La Pasta di Matera è sempre più vicina a ottenere il riconoscimento di Indicazione Geografica Protetta (IGP). Questo percorso mira a rafforzare la filiera del grano duro, valorizzare il territorio lucano e creare nuove opportunità economiche.
Avvio iter per il riconoscimento IGP
L'assessore regionale alle Politiche agricole, **Carmine Cicala**, ha annunciato l'avvio ufficiale del processo per ottenere l'IGP per la “Pasta di Matera”. L'obiettivo è creare una filiera integrata. Questa unirebbe produzione, trasformazione e mercato. Si punta a generare valore duraturo per il territorio. Questo si tradurrà in un'economia concreta per l'intera **Basilicata**.
L'iniziativa è promossa dall'Associazione Gruppo Produttori. Essa riunisce agricoltori dell'Organizzazione di Produttori Granaio Appulo Lucano. Coinvolge anche realtà di trasformazione come il pastificio **Food Service**. Rappresenta un passo strutturato verso la valorizzazione della filiera del grano duro.
Rafforzare qualità e tracciabilità del prodotto
L'assessore **Cicala** ha sottolineato l'importanza strategica di questo percorso. Non si tratta solo di un aspetto tecnico. È una scelta precisa per organizzare la filiera. Questo eviterà la dispersione del valore. La sola produzione, infatti, rischia di portare alla cessione del grano senza un pieno beneficio per il territorio.

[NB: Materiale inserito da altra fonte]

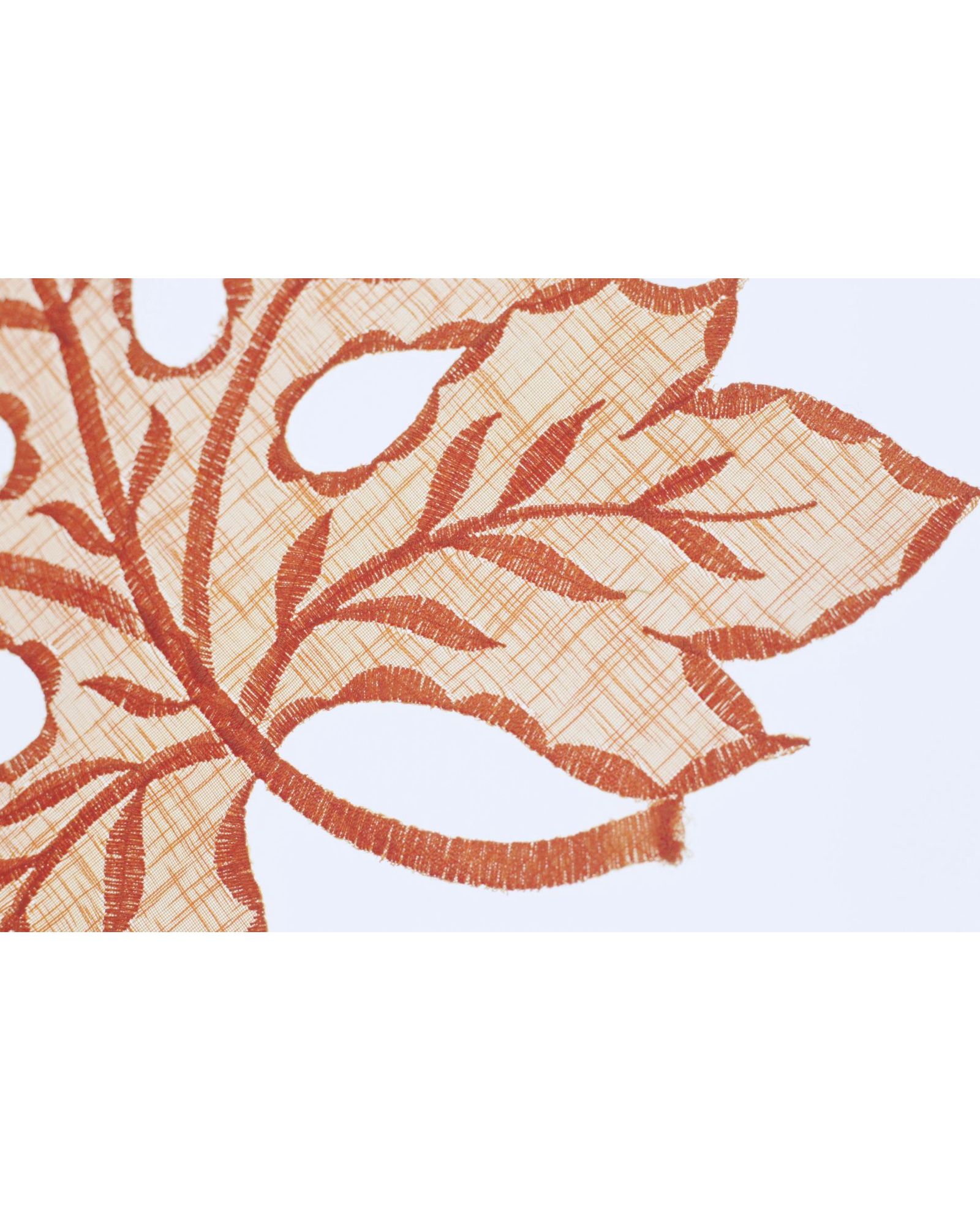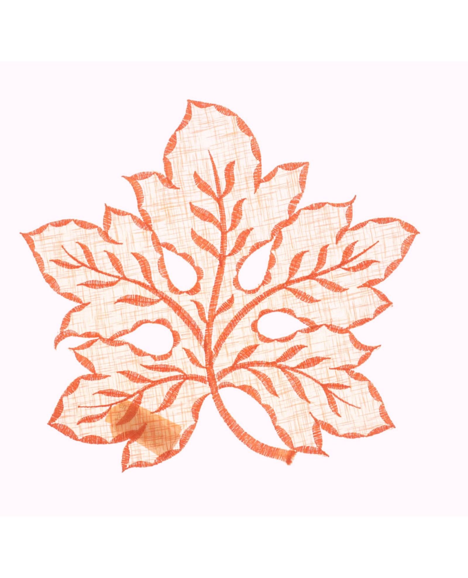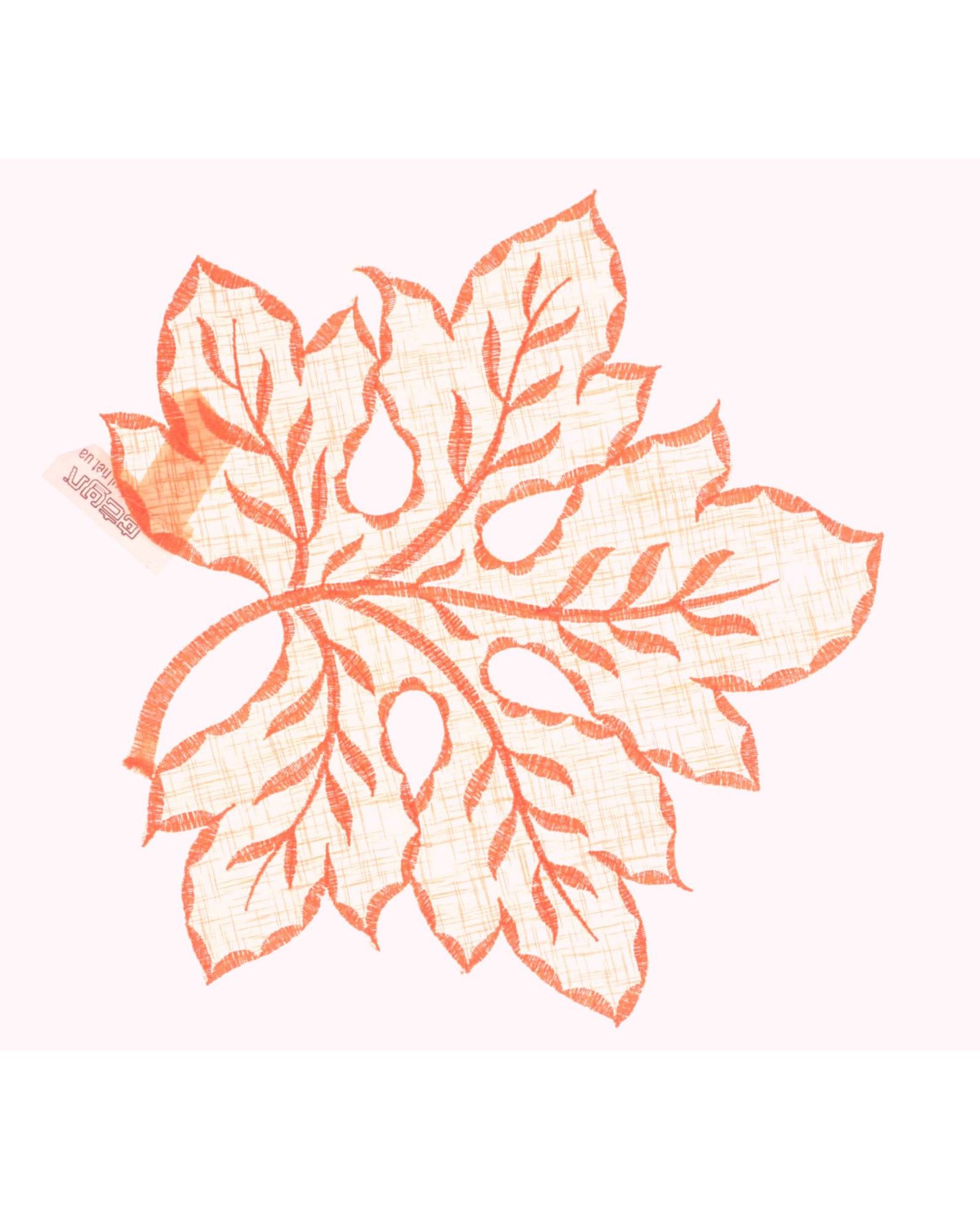 Салфетка в форме листочка оранжевого цвета с вышивкой, 30×30 см

L'IGP diventerà uno strumento fondamentale. Rafforzerà la qualità, la tracciabilità e la riconoscibilità della “Pasta di Matera”. Consentirà un posizionamento più forte sui mercati nazionali e internazionali. **Matera**, storicamente legata alla lavorazione del grano, può trasformare questa eredità. Diventa una leva concreta di sviluppo. Genererà nuove opportunità economiche e sosterrà le imprese locali.
Sostegno alle imprese e presidio del territorio
Quando la filiera funziona, il valore rimane sul territorio. Questo sostiene la redditività e la stabilità delle imprese. Aiuta anche a contrastare lo spopolamento. Rafforza il tessuto produttivo locale. Il percorso si inserisce in un quadro più ampio di supporto al settore. Include la Commissione Unica Nazionale (CUN) sul grano duro. Questa è stata avviata dal Ministro **Francesco Lollobrigida**.
La CUN interviene sul prezzo e aumenta la trasparenza. L'IGP, invece, agisce sul valore del prodotto. L'integrazione di questi due elementi è cruciale. Permette di costruire una filiera più forte, equa e competitiva. Oltre alla dimensione economica, la valorizzazione della “Pasta di Matera” può accrescere l'attrattività del territorio. Potrebbe intercettare una domanda crescente di turismo enogastronomico.
Una visione per il futuro dell'agricoltura lucana
L'impegno è quello di accompagnare questi percorsi con strumenti concreti. Serve una visione chiara: non limitarsi a vendere materia prima. Bisogna costruire valore lungo tutta la filiera. Questo è fondamentale per il futuro dell'agricoltura lucana. L'obiettivo è creare un circolo virtuoso. La produzione di eccellenza si lega alla valorizzazione economica e culturale del territorio. L'IGP rappresenta un passo decisivo in questa direzione.